My main role in this project was as a producer, but when the director left the University, and after we discussed this with our tutors, I took up the director’s role. However, I also shot most of the scenes, especially the flashback wedding scene, all the storm sequences and the scene with the dead little boy. As well as shooting I edited most of the parts of the film. It was because Jana, as editor, asked for my help and didn’t really know how to use Final Cut Pro. I also contacted the composer, Jason Grant and musician, Mirza Basic, who designed the music for Windy Corner. It was I who also did the sound editing. I didn’t want my idea and the project to fail so I had to do the extra work.
I feel that this film has a strong script, inspired by a real event. It has quality sound and images. The theme is one that has not been too highly popularised in this angle, which makes it interesting to anyone who can relate to the growing problem of Global Warming, which can cause storms such as the one in this film. The other problems linked to the people living in the street are also interesting to a different type of viewer. However if I was to realise this film again I would show flashbacks from more inhabitants in the street, so that the storyline would be more interesting.
The Great Storm in South East England – October 1987 (2006) available online at www.stvincent.ac.uk/Resources/Weather/sever/oct87.html (accessed 21st March 2006).

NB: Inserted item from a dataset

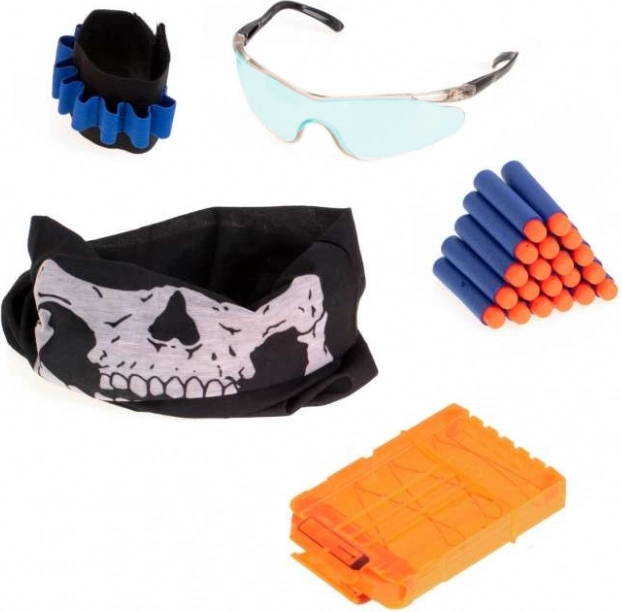 Completo set infantil para dardos de espuma: cómodo chaleco táctico con soportes y bolsillos, 20 dardos de espuma, cargador de plástico para 6 dardos, muñequera para munición, gafas de protección azules y bandana. El chaleco cuenta con malla transpirable, talla infantil universal y cierre de velcro ajustable para un uso cómodo.

Fielding, Raymond (1967) A Technological History of Motion Pictures and Television London, Los Angeles, and Berkeley: University of California Press.
Hollyn, Norman (1984) The Film Editing Room Handbook New York: Arco Publishing.
Kerner, Marvin (1989) The Art of the Sound Effects Editor London: Focal Press.
Neale, Steave (1985) Cinema and Technology: Image Sound, Colour Bloomington: Indiana University Press.
Rabiger, Michael (1989) Directing: Film Techniques and Aesthetics London: Focal Press.
The Perfect Storm (Wolfgang Petersen, USA & Germany, 2000)
Cape Fear (Martin Scorsese, USA, 1991)
MEMORIES OF THE BIG STORM – OCTOBER 1987*
On 27 September 1987 we took our daughter from London to Brighton to start her first year at Brighton University. She had a place at the Halls of residence and it was the first time she was going to live away from home on her own for any length of time.
Three weeks later on Saturday, 17 October, there were rumours from Holland that a storm was brewing across the channel. These rumours were totally denied by the Meteorological Office in London, and famously Michael Fish appeared on television to tell everybody that no storm was predicted.
During that night the most horrendous storm did happen and we stayed up all night thinking that our house is going to collapse, and worrying about what is happening to our daughter in Brighton. First thing in the morning, we looked out of the window saw that most of the trees around us had collapsed.
We started to drive to Brighton early in the morning and as we advanced south the damage became more and more apparent with roofs blown over and trees across streets and even main roads. It took us five and half hours to get to the south coast, a journey that normally should take just over an hour. The scene around Brighton was of total devastation and looked similar to what can be seen in newsreels after air crashes.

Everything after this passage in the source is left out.